* Exercise aim
After locating the line that contains "Açaí geladinho com" in the records below, write out exactly that line and each line after it through the one that contains "sociales el cantante.", and nothing else.
━━ Data provided ━━
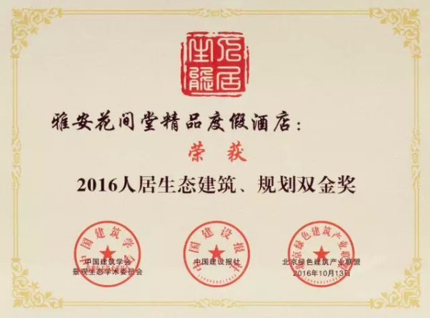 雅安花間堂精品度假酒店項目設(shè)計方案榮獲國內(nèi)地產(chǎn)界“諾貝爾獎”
━━━
━━ Data provided ━━
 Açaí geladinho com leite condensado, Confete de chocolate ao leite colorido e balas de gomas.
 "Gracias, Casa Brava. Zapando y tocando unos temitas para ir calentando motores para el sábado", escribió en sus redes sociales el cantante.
━━━
━━ Data provided ━━
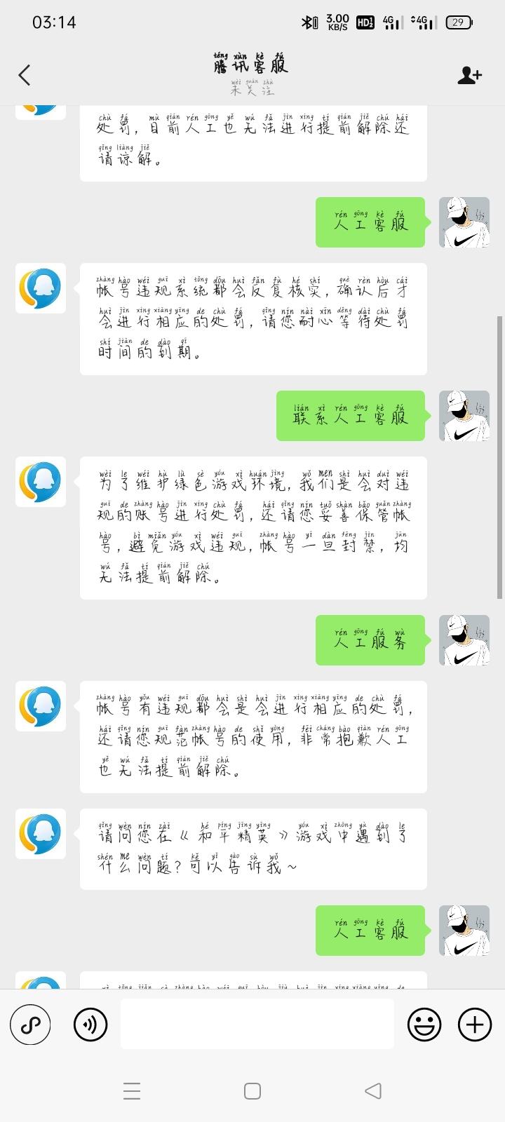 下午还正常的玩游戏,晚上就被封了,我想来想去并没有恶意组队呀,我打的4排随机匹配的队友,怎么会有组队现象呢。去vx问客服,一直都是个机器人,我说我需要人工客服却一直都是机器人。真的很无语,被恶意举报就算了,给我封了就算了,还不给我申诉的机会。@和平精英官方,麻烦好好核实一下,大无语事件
━━━
* Exercise solution
 Açaí geladinho com leite condensado, Confete de chocolate ao leite colorido e balas de gomas.
 "Gracias, Casa Brava. Zapando y tocando unos temitas para ir calentando motores para el sábado", escribió en sus redes sociales el cantante.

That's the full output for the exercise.